Supplied records:
- - -
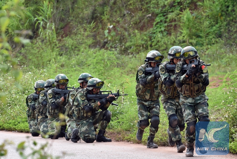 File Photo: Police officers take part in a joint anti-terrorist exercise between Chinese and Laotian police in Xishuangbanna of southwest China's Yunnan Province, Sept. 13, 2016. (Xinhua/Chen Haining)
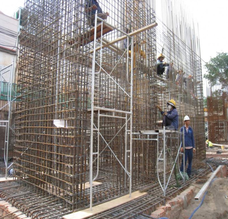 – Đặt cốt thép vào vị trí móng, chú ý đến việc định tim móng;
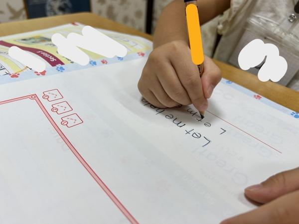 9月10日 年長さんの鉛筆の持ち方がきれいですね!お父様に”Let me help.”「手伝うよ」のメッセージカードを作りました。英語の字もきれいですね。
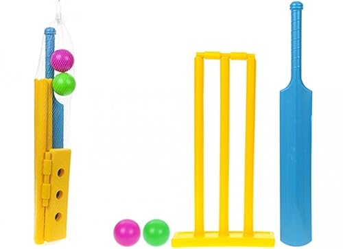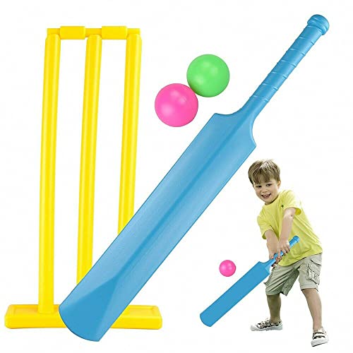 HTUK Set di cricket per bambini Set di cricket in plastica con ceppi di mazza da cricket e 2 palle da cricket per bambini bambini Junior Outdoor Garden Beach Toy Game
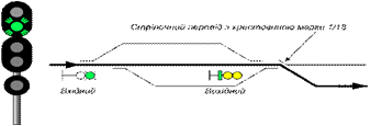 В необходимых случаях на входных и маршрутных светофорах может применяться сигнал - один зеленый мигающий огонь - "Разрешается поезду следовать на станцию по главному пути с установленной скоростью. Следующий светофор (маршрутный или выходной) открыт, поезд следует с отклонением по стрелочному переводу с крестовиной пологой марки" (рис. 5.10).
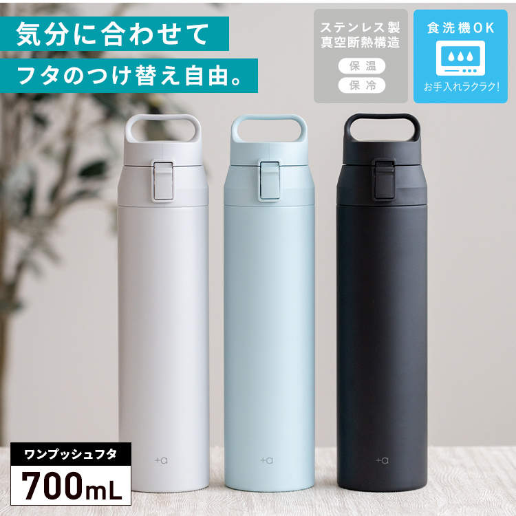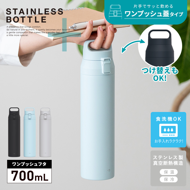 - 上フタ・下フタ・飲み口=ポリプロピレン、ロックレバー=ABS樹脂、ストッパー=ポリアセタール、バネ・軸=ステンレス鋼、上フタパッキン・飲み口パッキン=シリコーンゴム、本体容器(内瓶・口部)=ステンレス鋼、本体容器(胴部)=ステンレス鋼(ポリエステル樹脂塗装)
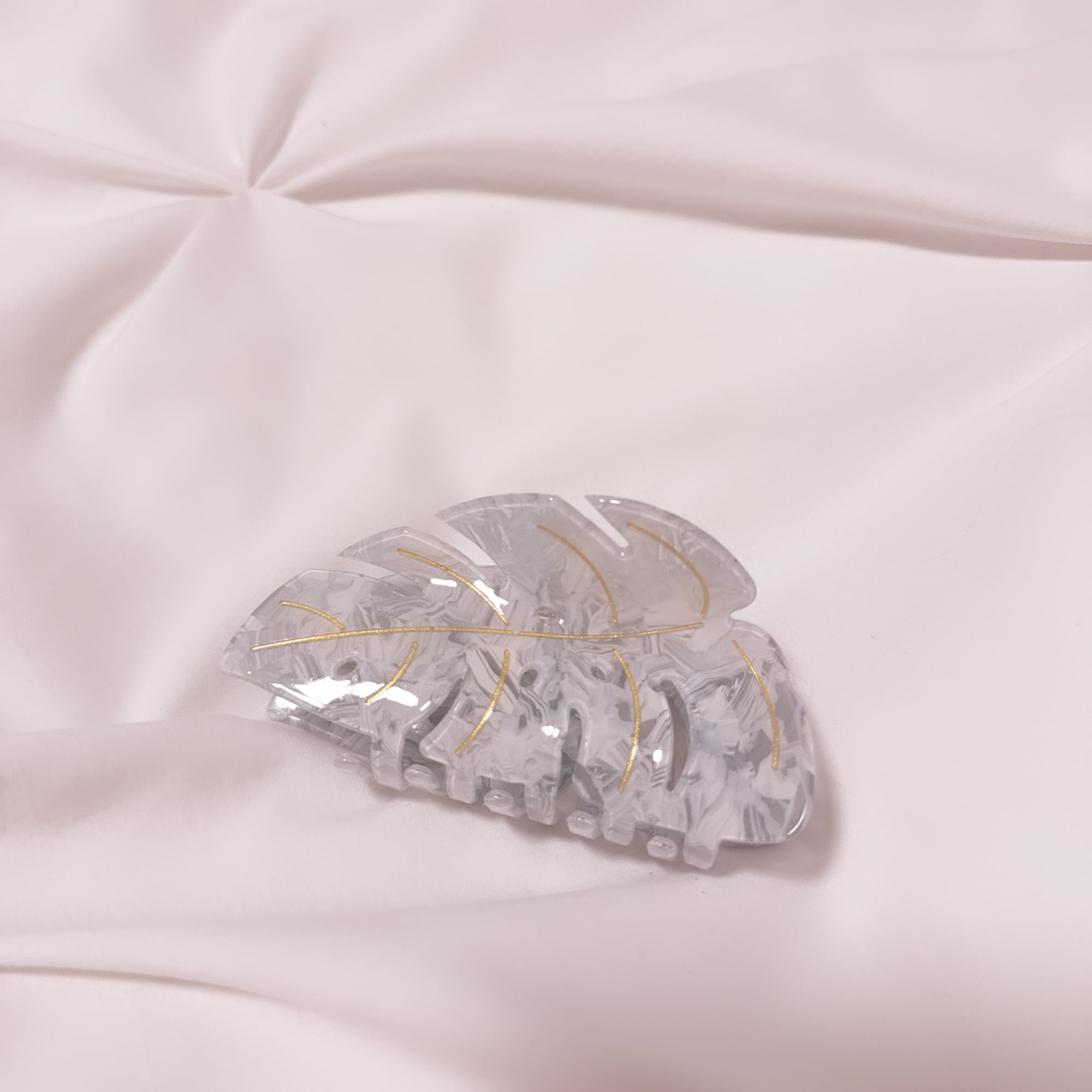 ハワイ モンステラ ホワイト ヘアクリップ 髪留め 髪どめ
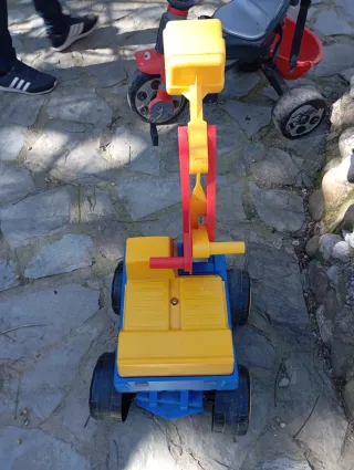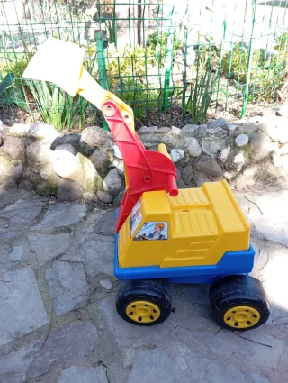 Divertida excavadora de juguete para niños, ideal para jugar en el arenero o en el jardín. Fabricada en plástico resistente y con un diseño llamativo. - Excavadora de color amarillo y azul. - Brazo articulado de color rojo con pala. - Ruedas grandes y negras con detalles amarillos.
- - -
What needs to be done: Copy out the data above to the letter, and keep every picture out of it.

Solved problem:
 File Photo: Police officers take part in a joint anti-terrorist exercise between Chinese and Laotian police in Xishuangbanna of southwest China's Yunnan Province, Sept. 13, 2016. (Xinhua/Chen Haining)
 – Đặt cốt thép vào vị trí móng, chú ý đến việc định tim móng;
 9月10日 年長さんの鉛筆の持ち方がきれいですね!お父様に”Let me help.”「手伝うよ」のメッセージカードを作りました。英語の字もきれいですね。
 HTUK Set di cricket per bambini Set di cricket in plastica con ceppi di mazza da cricket e 2 palle da cricket per bambini bambini Junior Outdoor Garden Beach Toy Game
 В необходимых случаях на входных и маршрутных светофорах может применяться сигнал - один зеленый мигающий огонь - "Разрешается поезду следовать на станцию по главному пути с установленной скоростью. Следующий светофор (маршрутный или выходной) открыт, поезд следует с отклонением по стрелочному переводу с крестовиной пологой марки" (рис. 5.10).
 - 上フタ・下フタ・飲み口=ポリプロピレン、ロックレバー=ABS樹脂、ストッパー=ポリアセタール、バネ・軸=ステンレス鋼、上フタパッキン・飲み口パッキン=シリコーンゴム、本体容器(内瓶・口部)=ステンレス鋼、本体容器(胴部)=ステンレス鋼(ポリエステル樹脂塗装)
 ハワイ モンステラ ホワイト ヘアクリップ 髪留め 髪どめ
 Divertida excavadora de juguete para niños, ideal para jugar en el arenero o en el jardín. Fabricada en plástico resistente y con un diseño llamativo. - Excavadora de color amarillo y azul. - Brazo articulado de color rojo con pala. - Ruedas grandes y negras con detalles amarillos.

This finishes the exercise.